Guac and chips on the kitchen table,
salsa and humus.
Grandes sobrinas chase their children and their dogs
down the endless halls.
Wasn’t there a cat once?
Tia shuffles through the busy kitchen,
inspects the rellenos and posole,
reaches for a baby and is told to sit.
“But I only want to hold the baby, why must I sit?”
“Because you are old.”
Me? No! That can’t have happened.
Her oldest niece is angry.
“Que?” asks Tia Leica, the Innocent.
“You said my rellenos aren’t as plumb as the ones mother made.”
I did not say that aloud. My thoughts are escaping!
I must be careful not to think in this my niece’s house,
where I must live.
Roberto is hungry and hung over.
“I thought dinner was at 3,” he says,“that’s what mother promised.”
Tia is hungry too but the baby cries for the breast.
“We will eat,” her niece promises, “after Margarita feeds the baby.”
“Where are my other nieces?”
“Rosie is coming.”
“You must not speak of Angela.
She does nothing for you.”
This is too confusing. I will go to my bedroom to sleep.
“Stop Tia. You must sit at the head of the table. It is your birthday!”
the man of the house orders.
The bowl of posole awaiting her has no ox bones.

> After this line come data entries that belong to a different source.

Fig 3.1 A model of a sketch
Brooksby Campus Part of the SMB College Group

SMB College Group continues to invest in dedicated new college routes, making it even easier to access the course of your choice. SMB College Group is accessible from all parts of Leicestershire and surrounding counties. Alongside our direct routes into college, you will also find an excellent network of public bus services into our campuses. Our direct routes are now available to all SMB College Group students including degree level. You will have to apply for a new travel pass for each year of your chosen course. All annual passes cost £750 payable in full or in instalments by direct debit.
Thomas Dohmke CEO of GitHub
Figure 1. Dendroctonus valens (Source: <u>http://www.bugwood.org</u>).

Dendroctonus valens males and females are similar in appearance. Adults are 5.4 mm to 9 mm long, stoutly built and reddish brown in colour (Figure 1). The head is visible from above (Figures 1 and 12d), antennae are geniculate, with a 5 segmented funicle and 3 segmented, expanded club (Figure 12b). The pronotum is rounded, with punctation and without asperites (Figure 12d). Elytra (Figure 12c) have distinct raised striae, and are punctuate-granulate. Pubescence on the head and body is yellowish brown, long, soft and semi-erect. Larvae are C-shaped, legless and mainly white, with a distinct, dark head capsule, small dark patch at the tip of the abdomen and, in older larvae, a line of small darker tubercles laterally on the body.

Her niece has hoarded them all.
Do not think this bad thought.
A grand nephew sits to her left,
her grand niece to her right.
They are so serious.
“Tia Leica, do you want some onions in your posole?”
“Tia Leica, how about some beans and rice?”

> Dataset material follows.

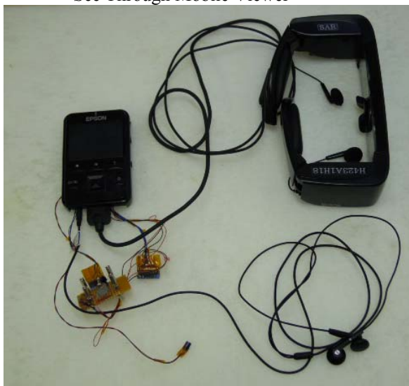
Head Mount Display

<Host device and accessories> See Through Mobile Viewer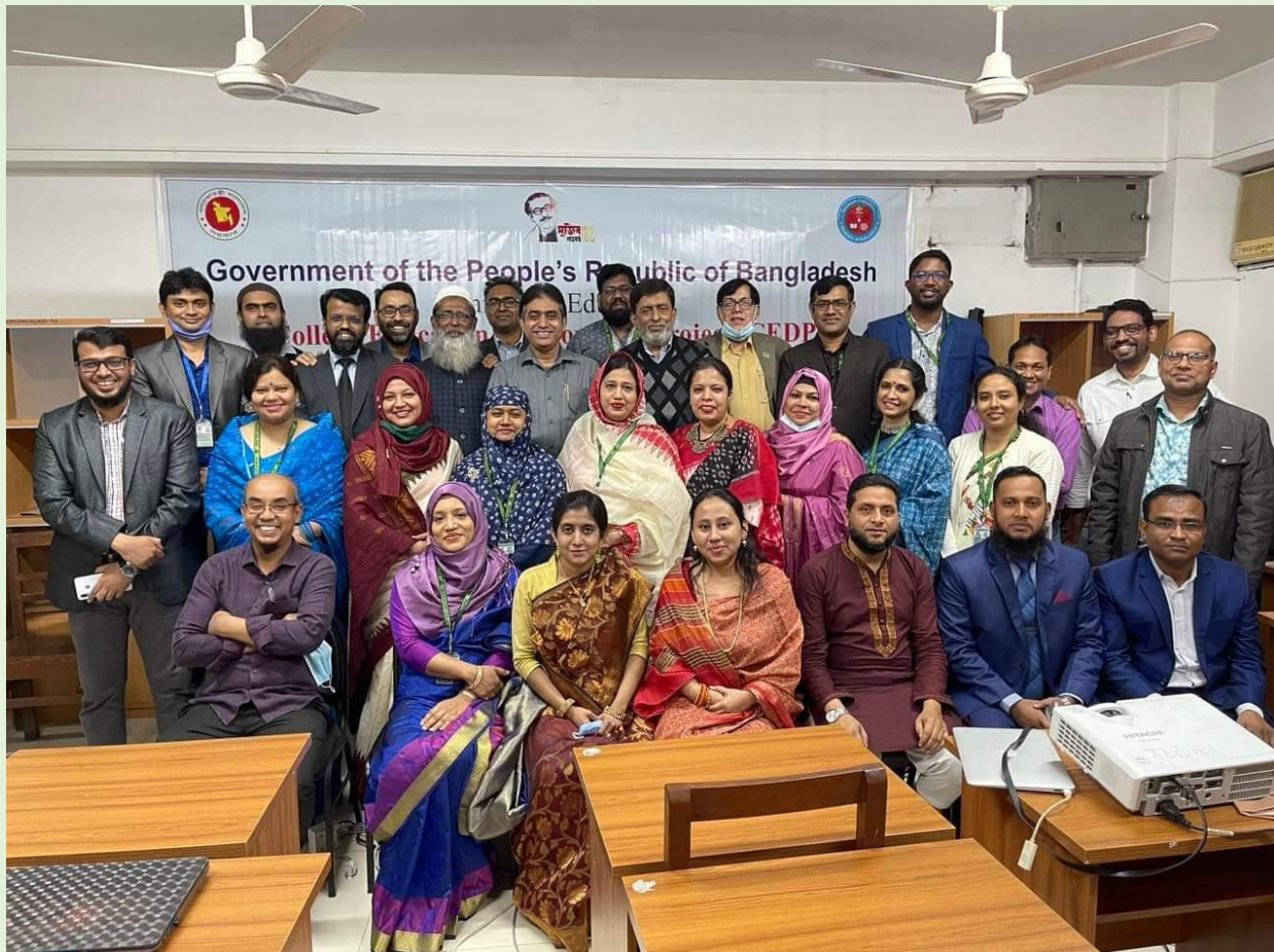
A part of Faculties and Staff on Basic ICT Training

She used to play with them,
because she was one of them,
a child in a house of adults.
they are so serious,
treating her like she will break.
The noise is unbearable,
Every where, chatter.
The toddlers, now free from their seats,
run rings around the table,
the dogs scrounge at dirty feet.
Rosie finally appears looking weary
“Angela made these for you,” she reports, setting two cakes on the table..
“Where is she?”
“Tia, we do not speak of Angela…” the man of the house says.

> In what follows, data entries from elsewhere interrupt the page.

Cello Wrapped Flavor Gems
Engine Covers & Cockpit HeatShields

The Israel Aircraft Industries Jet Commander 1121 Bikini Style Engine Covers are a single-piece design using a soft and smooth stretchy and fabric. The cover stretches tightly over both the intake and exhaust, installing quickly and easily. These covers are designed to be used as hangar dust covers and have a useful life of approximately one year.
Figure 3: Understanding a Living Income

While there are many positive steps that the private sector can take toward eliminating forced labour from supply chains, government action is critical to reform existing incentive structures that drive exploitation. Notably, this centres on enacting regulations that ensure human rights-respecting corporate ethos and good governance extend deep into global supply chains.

Tia remembers her nieces growing up,
always at each other’s throats but together.
Now her sister is gone and
she must live with her oldest niece,
where no one speaks of Angela.
One of the cakes has frosting, the other is plain.
“Which one do you want Tia?” A grand niece asks.
Tia points to the one with frosting.
“But Tia,” Rosie says, “you told Angela you don’t like frosting.
That’s why she made two cakes.”
Don’t like frosting? Never. That was not my thought.